Objectivity in art

About five years ago, there was a big story in the news about a child artist named Marla Olmstead.  She started painting at two and by the time she was four  she was selling large abstract oil paintings for tens of thousands of dollars. The paintings were bold and colourful and were quite impressive.  They wouldn’t look out of place in any modern art exhibit.

Her story was  documented in the 2007 film My Kid Could Paint That.  Her parents had always maintained that she painted the works herself but a 60 Minutes special in 2005 suggested that her father either helped her or painted the works himself.  Immediately after the episode aired there was a huge uproar.  Many of the patrons that bought her art became quite angry and the gallery where her art was shown stopped showing her work for awhile.  The documentary was mostly neutral on whether or not she actually painted the paintings.  She was filmed painting two of the paintings but the results seemed different from the other paintings.

One of the messages of the film was that perhaps modern art was somewhat of a hoax.  The gallery owner that first put on her shows, painted detailed realistic pictures that took months to complete and he had quite a bit of bitterness towards abstract artists who throw a bucket of paint against a canvas and sell the work for hundreds of thousands of dollars. Promoting Marla was partly his way of making a statement to the art establishment.

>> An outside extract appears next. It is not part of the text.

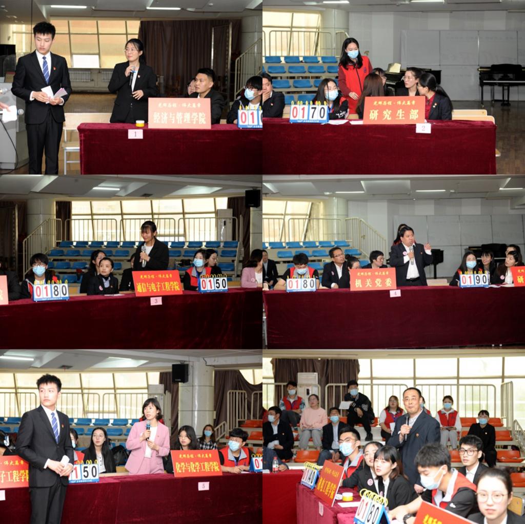 比赛历时2个多小时,经过激烈比拼,机关代表队最终夺得一等奖;化学与化学工程学院代表队、研究生部代表队荣获二等奖;经济与管理学院代表队、机电工程学院代表队、通信与电子工程学院代表队荣获三等奖;马克思主义学院代表队、哲学与法学学院代表队、教育与传媒学院代表队、国际教育学院代表队、离退休党委代表队荣获优秀奖。

I took away two messages from the film.  The first is that abstract random patterns are often pleasing to our eyes.  I thought many of Marla’s paintings were quite beautiful but I also think some of the art my four year old daughter brings home from school also looks quite nice.  We basically see what we want when we look at a mass of colours and patterns.  It is why a dried river bed, a forest scene or swirling clouds can be so awe inspiring.  We find beauty in randomness.

The second was that I found it odd that no one questioned why it would matter who the artist was.  Why would a painting be less beautiful if it was painted by the father instead of a four year old?  It made me think that perhaps art should be presented anonymously.  It is interesting that the value of a painting by a famous artist vanishes the moment it is discovered to be a forgery. What exactly changed in the painting to cause it suddenly to be worth so much less?  Why is it so important that a Vermeer or a Cezanne be painted by Vermeer or Cezanne?  If someone had the skill to forge a piece of art so perfectly that it could fool anyone, how is that different from the original?  The fact that we put value on things because of their history says a lot about how our brains work and how our priors strongly determine value.

3 thoughts on “Objectivity in art

  1. “One of the messages of the film was that perhaps modern art was somewhat of a hoax.”

    Somehow I agree with you. Sometimes I cannot find the good thing in pieces what they called “art”. But I guess it depends on the appreciator.


  2. Hi Carson,
    I would tend to agree with you but the remark on nature scenes confused me. I guess I like swirling clouds or dry river beds because they were not made by men. I guess someone could spend hours manufacturing rock or constraining the river flow so as to obtain some beautiful shapes that resemble those of nature. But I would not be as much inspired in front if them.
    Thus, maybe knowing the artist (nature, whatever the details of its definition, in this particular case) is sometimes crucial when judging the beauty.


  3. Romain:
    My point was simply that we can find beauty in random patterns and to me at least, clouds look like random patterns. However, that is not to say that others, like yourself, find beauty in natural things for other reasons.

    There are many examples of modern art that I very much like. Mondrian is one of my favourite painters (although his work represents perhaps the opposite of random patterns). However, I also recognize that the craft and skill aspect of some modern art just doesn’t compare to that of painters like El Greco or Vermeer. Some modern art is just about the concept and not about the craft. It sill takes talent but not of the same form as a classical painter.